Canada’s population is growing significantly, and it’s becoming even more diverse. There were 1M newcomers welcomed to the country in 2022,1 and more than 1M newcomers were expected for 2023.2 With 37% of Canadians being either settled immigrants or their children,3 reaching multicultural Canadians and newcomers is key to modern marketing in this country.
According to YouGov, 37% of Canadians say they don’t see their lifestyle represented enough in advertising4. Despite best intentions, brands have a long way to go to connect with newcomers.
New research commissioned by Google provides fresh insights to show how marketers can connect with newcomers to Canada, and why it’s so important to prioritize a marketing strategy that reaches them effectively and authentically.
Preparing for arrival
Brands know it’s important to be as helpful as possible for newcomers on their journeys to Canada, especially when they first arrive. But the reality is that newcomers are preparing for their arrival in Canada before they get here, and setting up what they need right away.
When it comes to their functional needs to set up their lives in a new country, more than half of newcomers have a bank account and a phone plan by the end of their first week.5 And by the end of their first month, 65% of newcomers have a credit card, 62% have home internet, and 32% have bought or leased a new car.6
Showing up when it matters most is essential, which means Canadian marketers need to get even further ahead of this newcomer pre-arrival research.

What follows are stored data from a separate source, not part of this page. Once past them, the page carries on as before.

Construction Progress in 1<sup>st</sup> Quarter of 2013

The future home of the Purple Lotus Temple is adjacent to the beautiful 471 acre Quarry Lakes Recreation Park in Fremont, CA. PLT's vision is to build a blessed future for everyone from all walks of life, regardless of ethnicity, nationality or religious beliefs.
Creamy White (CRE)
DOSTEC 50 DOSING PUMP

Newcomers are also more likely to switch from brand to brand. In fact, they’re more likely to switch banks in the next 12 months and have changed banks shortly after arrival, compared to acclimated Canadians. This signals that earning their loyalty is just as crucial as connecting with them authentically. Earning loyalty is especially true for newcomers, where 75% are more likely to shop somewhere with a loyalty or points program versus 54% of acclimated Canadians.7
Showing up when it matters most is essential, which means Canadian marketers need to get even further ahead of this newcomer pre-arrival research. Start by personalizing marketing messages to align with their lifestyles, being present in the pre-arrival stages to help guide newcomers before purchasing decisions are made, and staying present — especially during the first three influential months after they arrive.

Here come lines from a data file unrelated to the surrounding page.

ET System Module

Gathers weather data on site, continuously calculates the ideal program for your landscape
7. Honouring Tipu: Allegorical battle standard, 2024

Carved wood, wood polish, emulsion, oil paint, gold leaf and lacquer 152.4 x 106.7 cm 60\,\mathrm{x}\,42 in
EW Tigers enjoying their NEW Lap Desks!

Newcomers are arriving more digitally savvy
Newcomers are no strangers to learning through digital means. Having an online presence isn’t only fundamental, it’s critical in order to reach the newcomer audience. In fact, 66% of newcomers say Search is their No. 1 source of information when navigating their new lives in Canada, followed by social media and online video.8 And newcomers have shown that they are more open to digital channels — for example, newcomers are 1.9 times more likely to open their bank account through an app compared to acclimated Canadians.

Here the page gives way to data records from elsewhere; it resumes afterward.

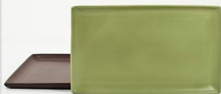
Pizza Plate #2651 (14 1/16" x 9 1/16")
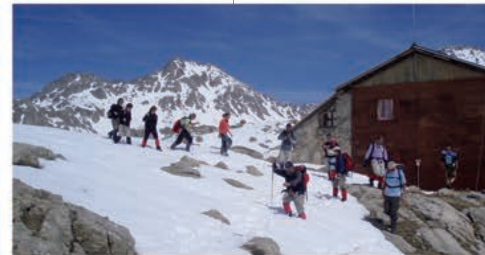
Refuge of the Colomina
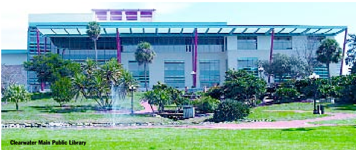
Clearwater Main Public Library

In Clearwater, developers don't have to fight City Hall. In fact, City Hall is willing to relocate if the right project comes along to further revitalize downtown.
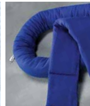
SuperSocks ™ , FlatSocks ™
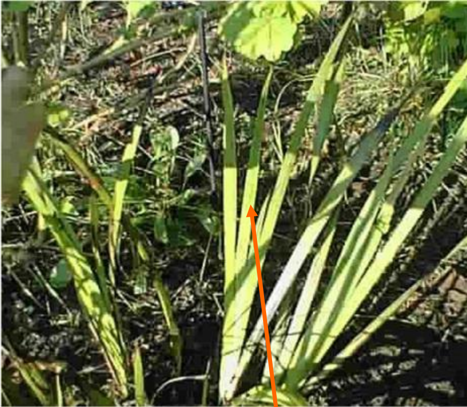
1st fully expanded leaf

Take first fully expanded leaf - usually the second or third leaf out from the growing point of the plant,.
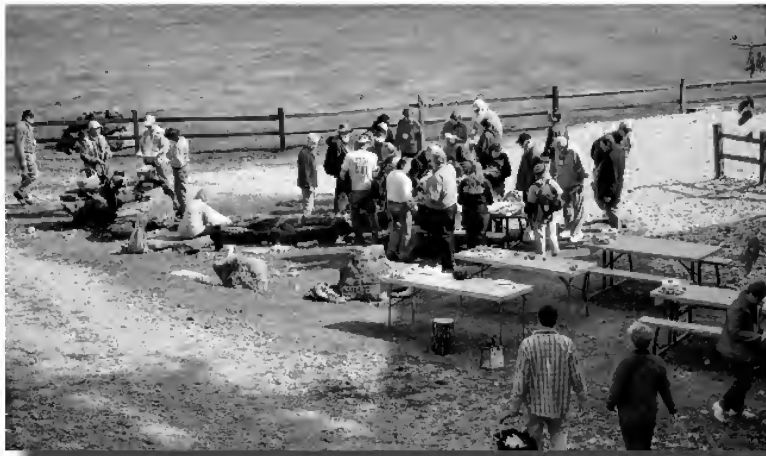
Sorting incoming fungi at the Arkansas Foray

Bottom line: people in the retail grocery business are at the mercy of the folks who sell them wild mushrooms. They have to trust that no mistakes are made, and that all matsutakes (and other mushrooms) they purchase and offer for sale are in fact what the buyer certifies. No oversight. No fact checks. I know this was a harmless error, but what if it had been an unopened Amanita smithiana , which can cause renal failure or an Amanita ocreata , which can cause death. Hey, they look a lot like a matsutake, don’t they?

As customers, newcomers are valuable to your business. Our research shows that they’re spending 50% more in key areas like home and furnishings than acclimated Canadians.9 Additionally, they’re choosing comparable brands that are familiar to those back in their home country over other brands,10 so showing up in ways that bridge the gap is crucial to be chosen by them.
Reconnecting with home online
Understandably, adapting to an influx of change in a new country can leave newcomers wishing for reminders of home. Many find ways to maintain strong ties to their home country and language is a key factor in seeking familiarity after arriving in Canada. In fact, 69% of newcomers say that they pay attention to ads in their own language, and 68% say they feel a sense of belonging to brands who have ads in their own language.11 For Canadian brands, applying this to your business can work across channels and platforms, including websites, store signage, and ads. Even showing up in searches that are in a newcomer’s native language is important to stay top of mind and build a sense of belonging to your brand.
When it comes to holidays, businesses have to think wider than standard Canadian holiday moments. Multicultural celebrations are year-round, and it’s a major opportunity to show up for the people who are here now. For example, search interest is two times higher for “kurta” in Canada than “men’s dress shirt.” And over the past five years, YouTube search interest for Diwali has been steadily rising each year. Seventy-three percent of newcomers say they like it when brands celebrate holidays from their own and other cultures.12 As well, 80% of newcomers say they appreciate emails acknowledging the cultural holiday and celebration in their home country.13
Multicultural marketing is important everywhere, but particularly in Canada, diversity is a part of the country’s identity — and its growth shows no sign of stopping.
This presents Canadian marketers with the unique opportunity to reconsider all aspects of their marketing with regards to newcomers' behaviours and growing interests. Fostering deeper connections will come from the development of custom strategies that engage newcomers to Canada in ways that are creative, relevant, and meaningful.